25Feb/140

10 predictions for the US building industry

green building 3 300x225 10 predictions for the US building industry

Portland/Seattle green builder Hammer & Hand has unveiled its ten predictions for the US high performance building industry.

These include:

  • Focus will move beyond Net Zero Energy to Net Positive Energy buildings.

Three trends will begin moving the high performance building industry beyond Net Zero Energy (NZE) buildings toward Net Positive Energy (NPE) buildings:
a. Falling prices for photovoltaic panels to make energy production more feasible;
b. Increasing viability and availability of electric vehicles to harness surplus energy production and compete with buildings for electricity; and
c. The emergence of market mechanisms that reward both onsite energy conservation and production (see next point).

  • Market mechanisms that reward energy conservation and renewable energy production will flourish.

Market-based tools like Feed In Tariffs (to allow building owners/operators to sell excess energy back to the grid), Carbon Offsets (to reward building owners/operators for reductions in carbon footprint), and Metered Energy Efficiency Transactions (to allow investors in building energy efficiency to sell “negawatts” back to the utility, being piloted by the Bullitt Center and Seattle City Light) will continue to gain ground in 2014.

  • Building energy codes will move away from prescriptive rules toward performance-based measures.

The City of Seattle leads the charge toward performance-based code at the municipal scale, and the States of California and Washington have taken important first steps at the state level.
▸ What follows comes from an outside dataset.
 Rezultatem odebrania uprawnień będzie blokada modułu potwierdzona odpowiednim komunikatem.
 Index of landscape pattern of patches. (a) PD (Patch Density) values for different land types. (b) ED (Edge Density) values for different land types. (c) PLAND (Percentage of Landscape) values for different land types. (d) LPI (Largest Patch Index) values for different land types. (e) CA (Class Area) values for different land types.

The US Department of Energy continues to push the envelope through its work on the International Energy Conservation Code. Expect the trend toward performance measures to continue in 2014 as the limitations of prescriptive code become more and more obvious to policy makers.

  • CO2 heat pumps will help transform heating and cooling performance.
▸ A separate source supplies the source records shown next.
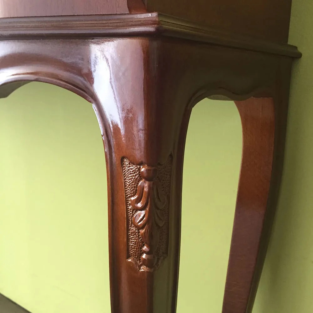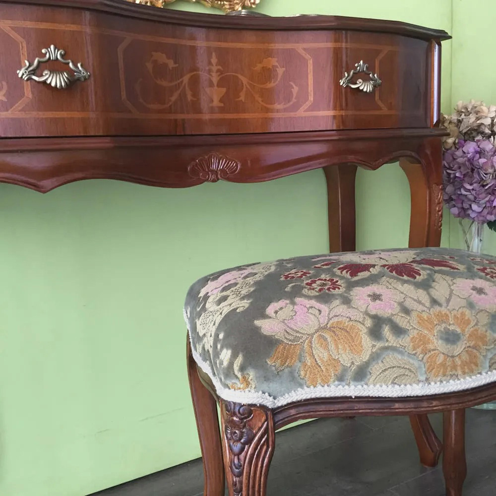 ◆脚部は、なめらかな曲線美が女性らしさを演出する猫脚。◆しなやかに存在感を際立たせるガブリオールレッグは、アンティーク家具で人気のデザインです。
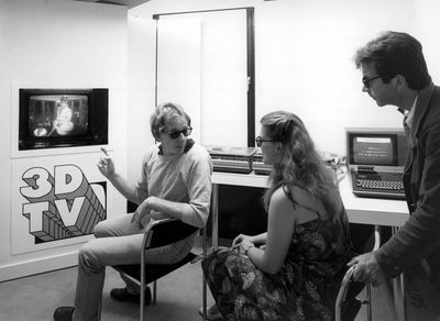 Производители электроники придавали стереотелевидению большое значение уже в 1983 году, когда Philips представила этот прототип на IFA. На заднем плане видны проигрыватели Laserdisk и домашний компьютер Philips P2000T. ПК, выполненный на процессоре Z80 с тактовой частотой 2,5 МГц, был оснащен встроенным кассетным магнитофоном для загрузки программ.
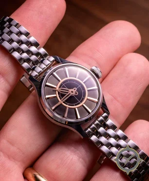 A Skeleton watch with a vintage-inspired 29.5mm case, crafted from stainless steel featuring a black dial with a unique skeletonized / open-work with radial spokes finish.

New technology will continue to drive the development of the US high performance building industry, with CO2 heat pumps making an entrance into the North American marketplace. These heating and cooling units bring these benefits:
a. More earth friendly due to lower Global Warming Potential (GWP).
b. Move more energy more efficiently.
c. Work in much colder climates without the steep performance curve drop-offs seen with other heat pumps.
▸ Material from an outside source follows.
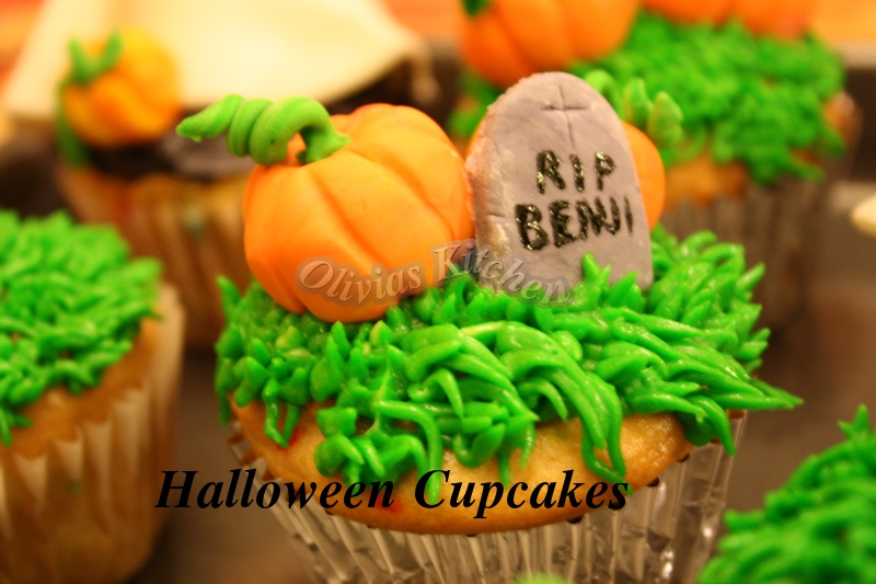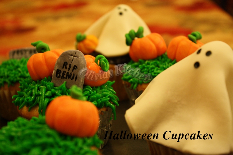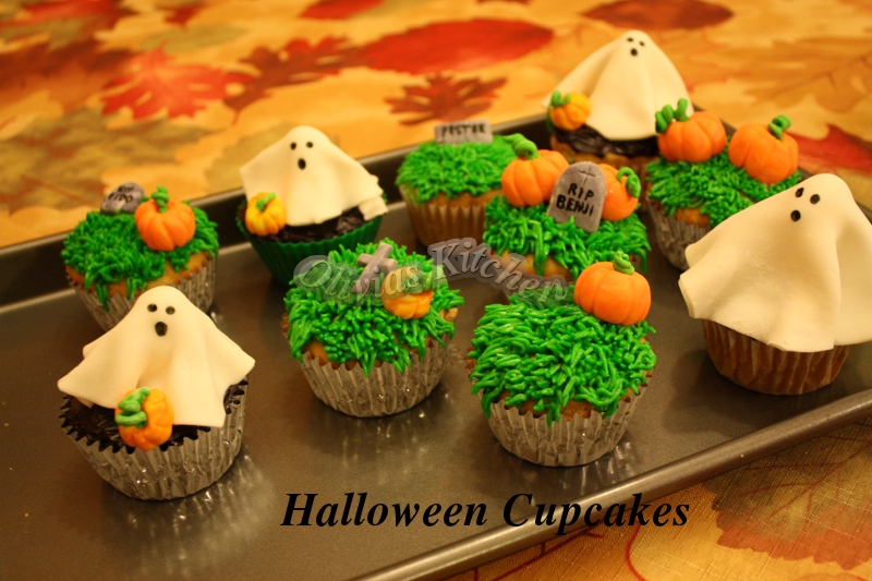 The boys asked for me to make some cupcakes today , with its famous yummy smooth icing , french butter cream icing . And i ended up making a huge mess , playing with fondant . The icing was very quick to make , which wasn’t a big deal at all . But we’re just having fun making the pumpkins , the tombstones and the ghost . It took time , but wasn’t bad at all ..

  • The US-led move to make Passive House more climate-specific will improve performance at both micro and macro levels.

In the past year the Passive House Institute US began spearheading the effort to make the Passive House standard more sensitive to the diverse climates found across the US, including partnerships with the Building Science Corporation and the Department of Energy. This effort will bear fruit in 2014, helping to guide successful high performance building in the American South and across the northern portion of the continent.

  • Europe’s push to eliminate thermal bridges in buildings will make high performance building more mainstream in the US, too.

Europe is pushing hard to eliminate thermal bridges (building elements that transfer heat or cool energy through the building envelope), resulting in a wave of new user-friendly software tools for calculating thermal bridging. This development has brought what was once a highly technical, niche element of high performance building into the mainstream in Europe. These same tools apply equally well in the US, and promise to make the battle against thermal bridges easier to win for US designers in 2014.

  • China’s interest in high performance building will propel US market.

While still nascent, China’s move toward high performance, energy conserving structures and building envelopes will have far-reaching impacts. From demand for US-manufactured building components to supply of Chinese-made ones, the US high performance building industry stands to gain when the world’s second largest economy puts its weight behind building energy conservation.